Hey guys any info on the above would be appreciated as I have an opportunity to pick up a brand new one cheap! It's the basic airless model.


----------



## Boco (May 18, 2013)

Never seen one. Can you get parts and acceseries?


----------



## driftweed (May 26, 2013)

I am a milwaukee fan. This is news to me, onward to google!


----------



## driftweed (May 26, 2013)

Google reveals all:

http://www.milwaukeetool.com/power-tools/corded/m4910-20

This tool no longer available from the manufacturer. RED FLAG! 
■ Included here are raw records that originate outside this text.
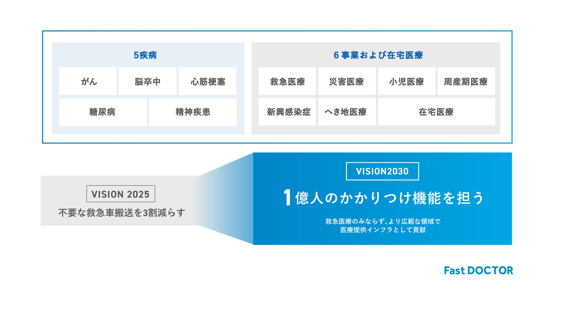 ファストドクターは医療提供体制の確保が必要とされる「5疾病6事業および在宅医療」に対応するサービスをプラットフォーム内に拡充し、医療アクセスが困難となる夜間・休日対応を基軸として急性期から慢性期まで幅広く支援しています。2021年には「在宅医療支援サービス」を開始し、24時間体制の構築に必要な医療リソースや機能を備え、医療機関と夜間休日と日中平日の分業・連携体制を築くことで、在宅医療体制の強化と持続可能性の実現に貢献できると考えています。ファストドクターは今後もプラットフォームを通じて、ビジョン「1億人のかかりつけ機能を担う」、ミッション「生活者の不安と、医療者の負担をなくす」の実現を目指してまいります。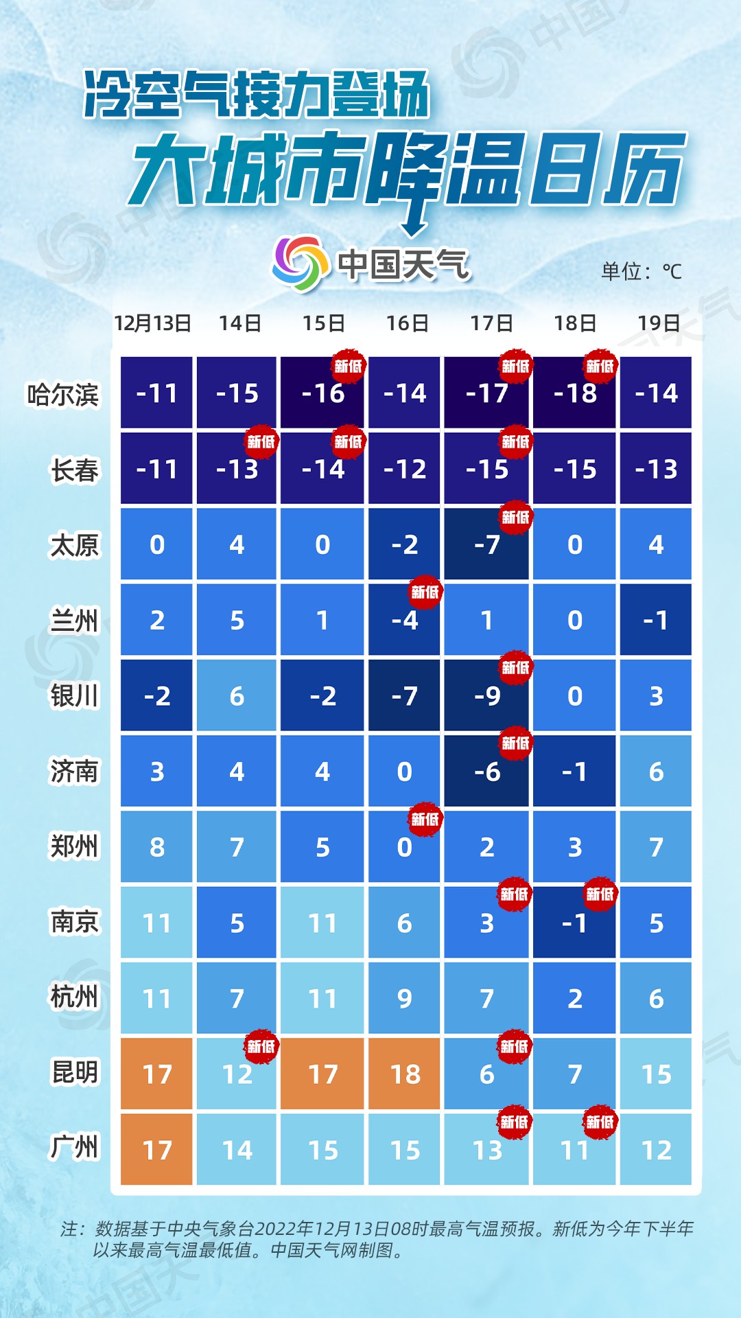 本周两股冷空气接连影响我国,冷上加冷。除了目前正在影响我国的双十二冷空气,一股实力更强的冷空气蓄势待发,它将于12月15日至18日影响我国大部,降温影响直达华南、云南一带,南方多地最低气温或可破极值,冷过11月底的寒潮。中国天气网推出大城市降温日历,快来看看你家气温何时降到低点,请大家及时备好保暖衣物,谨防感冒。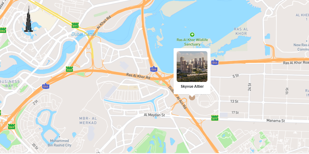 项目位于 Sobha Hartland II(Bu Kadra,Nad Al Sheba 1),周边以城市主干道网络为主要出行方式,日常可通过自驾或出租车高效连接迪拜多个重点功能区域。项目邻近 Ras Al Khor Road(E44)、Al Ain Road(E66) 等城市快速通道,出行方向选择灵活。
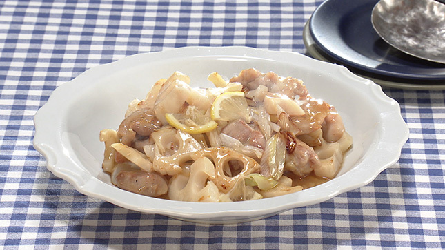 シャキッとした歯ざわりと甘みが酢鶏によく合うので、ぜひれんこんを具材に加えてください!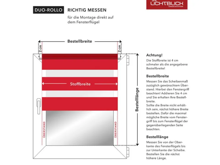De bestelbreedte geeft de totale breedte van het rolgordijn aan – de stof is altijd 4 cm smaller dan de opgegeven bestelbreedte!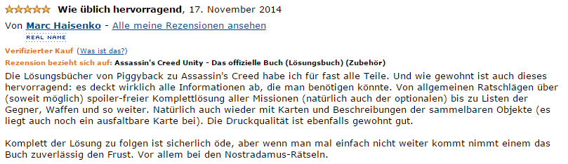 „Die Lösungsbücher von Piggyback zu Assassin’s Creed habe ich für fast alle Teile. Und wie gewohnt ist auch dieses hervorragend: Es deckt wirklich alle Informationen ab, die man benötigen könnte. Von allgemeinen Ratschlägen über (soweit möglich) spoilerfreie Komplettlösung aller Missionen – natürlich auch der optionalen – bis zu Listen der Gegner, Waffen usw. Natürlich auch wieder mit Karten und Beschreibungen der sammelbaren Objekte, es liegt auch noch eine ausfaltbare Karte bei. Die Druckqualität ist ebenfalls gewohnt gut. Komplett der Lösung zu folgen ist sicherlich öde, aber wenn man einmal einfach nicht weiterkommt, nimmt einem das Buch zuverlässig den Frust. Vor allem bei den Nostradamus-Rätseln.“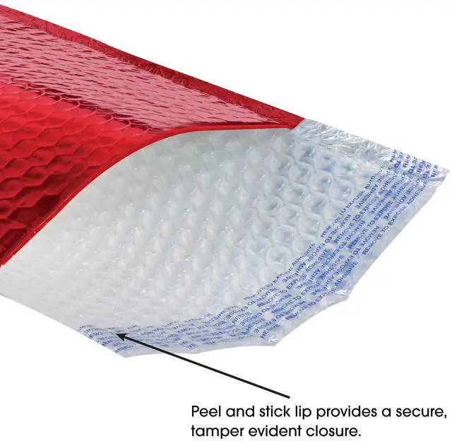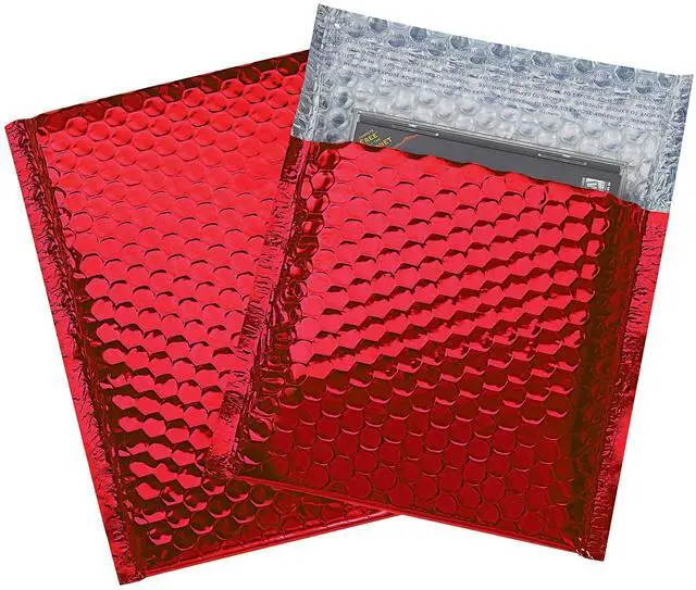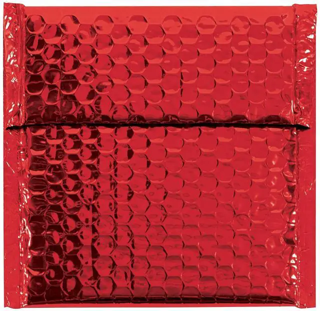 7" x 6 3/4" Red Glamour Bubble Mailers. Get the most out of your mailing - protect your shipment and grab your customer's attention! Bright and shiny red metallic exterior. Lightweight and moisture resistant. Features a peel-and-seal adhesive closure.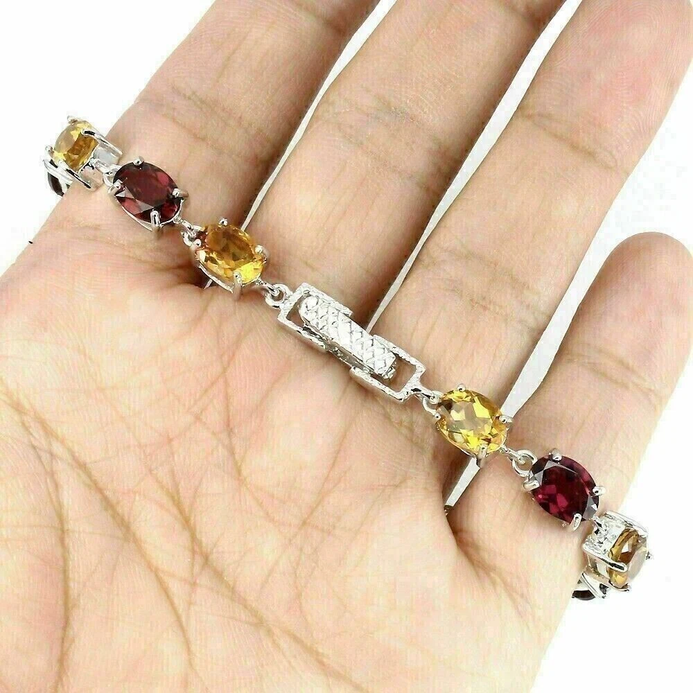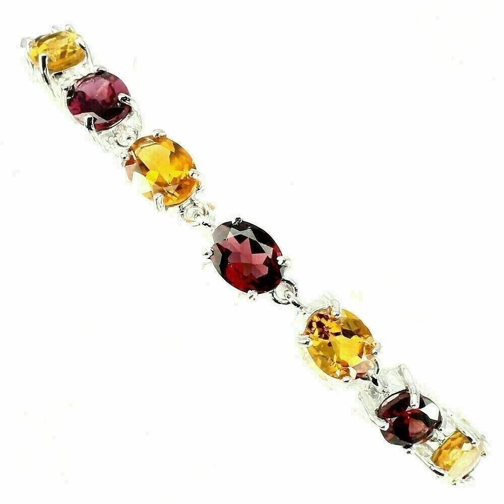 Solid sterling silver 925 stamped white gold coated bracelet featuring oval cut faceted genuine natural mined raspberry pink rhodolite and golden citrine gemstones, each measuring 8mm x 6mm set in alternating design to form the bracelet. The bracelet measures 19cm 7 1/2 inches and is completely set with stones apart from the clasp. Total weight 19g / 8.2 carats GIFT BOXED Thanks for looking and please take time to view my other listings #13586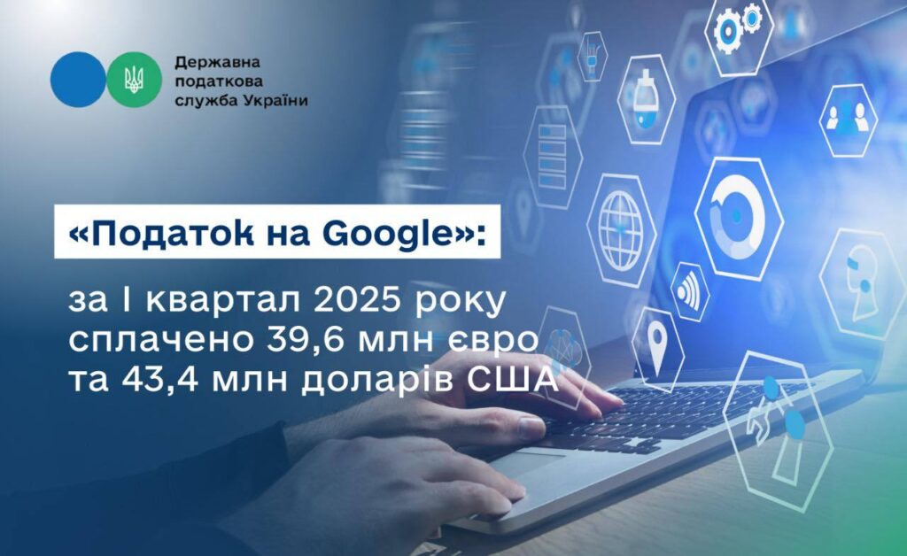 Податок на Google»: за І квартал 2025 року сплачено 39,6 млн євро та 43,4 млн доларів США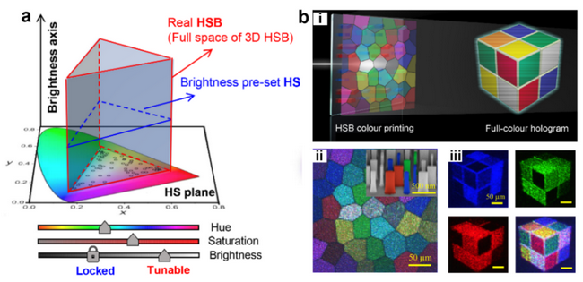 近日,我校物理学院王雪华教授和团队成员周张凯副教授、包燕军研究员等提出一种能有效克服上述两个功能缺失的方法。基于团队前期发展的相干相位设计理念(Adv. Funct. Mater. 28, 1805306,2018),他们设计两个硅纳米棒作为超构表面的基本相干像素结构单元,从而实现光场透射的有效调控。通过独立控制两个纳米棒的转角,可以实现单层结构对振幅和相位的独立调控,从而能够在单层纳米结构上实现任意全息与平面图像的集成。更进一步,针对于彩色平面图像,可以通过硅纳米棒的尺寸(即单根纳米棒的长和宽)以及纳米棒之间的转角差的控制,实现对颜色HSB三参数的按需调控,从而将超构表面结构色的调控能力从二维的色度-饱和度平面,真正拓展到三维的色度-饱和度-强度空间(如下图)。

Designed for handyman/remodeler....RED FLAG

Buy it for novelty, but buy it cheap as you aint getting support or parts.


----------



## Irishmike (Oct 7, 2010)

I know it has been discontinued by the manufacturer, accessories and tips wise it's compatible with graco. Brand new boxed unit and comes with a two foot gun extension, is it worth a punt for 300 euro?


----------



## Paint Pro CA (Jun 17, 2014)

If this is your first pump and you do get it then I would suggest rolling the money from the first couple jobs into getting a good one ASAP before this thing craps out and becomes a paperweight with wheels.


----------



## painterman (Jun 2, 2007)

As I remember this unit was selling in U.S. for about $250.00 Invest your money in a better unit.


----------



## Irishmike (Oct 7, 2010)

Had a hero h2k for around ten years but it finally packed up a couple of yeaes ago. To be honest I've been working fine without one I might pick it up for the occasional big ceiling or use it for trim...


----------



## painterman (Jun 2, 2007)

Fix the Hero if you can ...that is a good machine.


----------



## Irishmike (Oct 7, 2010)

Can't get parts for the hero anymore graco bought em out years ago


----------



## painterman (Jun 2, 2007)

too bad ...that was a good unit


----------



## MNpainter (Jul 17, 2008)

a friend had one. JUNK! YMMV


----------



## Irishmike (Oct 7, 2010)

Yup the hero was a powerhouse! Thanks guys I shall be giving it a miss then!


----------



## mr.fixit (Aug 16, 2009)

this machine is a pos no parts available even when it was for sale


----------